The motor neuron disease gene Vrk1: a conditional VRK1 knockout mouse as a novel model for neuromuscular disease

Mutations in Vaccinia-related kinase 1 (VRK1) gene cause a rare hereditary motor neuron disease (MND) which can begin in childhood, resulting in a spinal muscular atrophy (SMA)-like phenotype with brain anomalies (such as Pontocerebellar Hypoplasia), or as adult onset amyotrophic lateral sclerosis (ALS). VRK1 is a serine-threonine kinase originally identified and studied for its roles in cell proliferation and tumorigenesis. It was not known to have specific neuronal functions before the human phenotypes caused by VRK1 deficiency clearly demonstrated that it is critical for motor neuron function and maintenance. In previously works we demonstrated that VRK1 has important functions in brain development and neuronal migration.

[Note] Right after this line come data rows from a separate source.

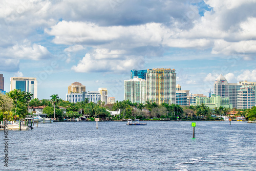 Fort Lauderdale, FL - February 29, 2016: Beautiful city canals on a sunny winter day
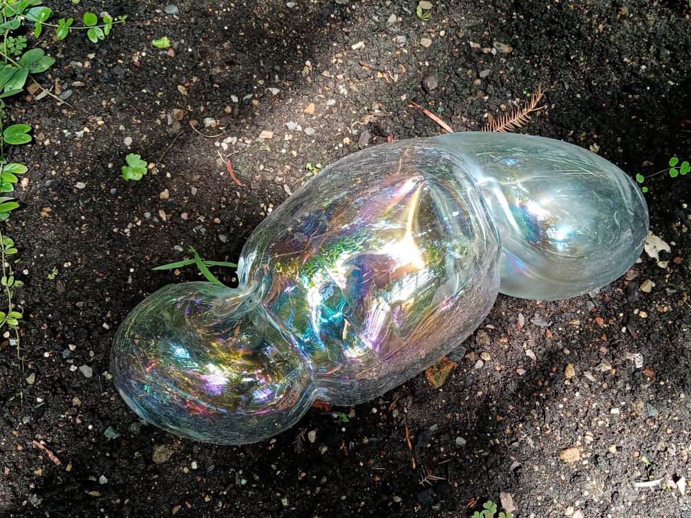 In Bubble, by Pavlína Temcsáková, sunlight is again an integral feature of the work. It transforms the organic, repeated shape into a magical holder of prismatic light. Placed lying on the soil, Bubble is like a transparent caterpillar, which is simultaneously also a beautiful chrysalis.
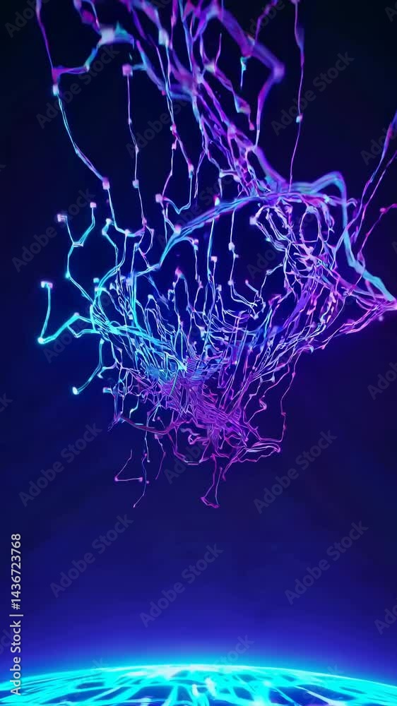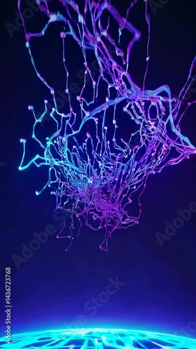 Wall mural futuristic digital network concept with glowing lines extending from a sphere. low-angle view, resem
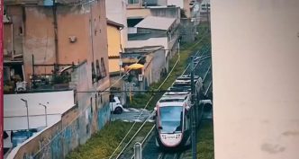 Scontro tra Mini Cooper e metro in via Puccini a Cagliari, due feriti
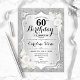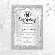 60th Birthday Invitation. Elegant floral design in silver and white. Features faux glitter silver stripes, white roses stylish script font and confetti. Perfect for a glam birthday party.

To study VRK1’s role in MND, we generate a Vrk1fl/fl mouse using CRISPR/Cas9 technology. This Vrk1fl/fl mouse was crossed with PGK-cre mouse and the Vrk1+/- offspring were crossed with each other in order to create a Vrk1-/- homozygous mouse. With no offspring found to be Vrk1-/- homozygous, we have demonstrated that complete Vrk1 knockout is embryonically lethal. Next, we successfully created a neuronal tissue-specific Vrk1 knockout mouse by crossing the Vrk1fl/fl mice with ChAT-cre mice (cholinergic neurons). These homozygous Vrk1 cKO mice display a severe progressive motor disease phenotype followed by death at 25-32 days (median lifespan of 27 days). They were significantly smaller than their healthy littermates, and their spontaneous motor activity and grip strength were significantly impaired. Their body weight and locomotor activities gradually decrease and at the age of 20 days they develop progressive kyphosis and claw joints of their forelimb.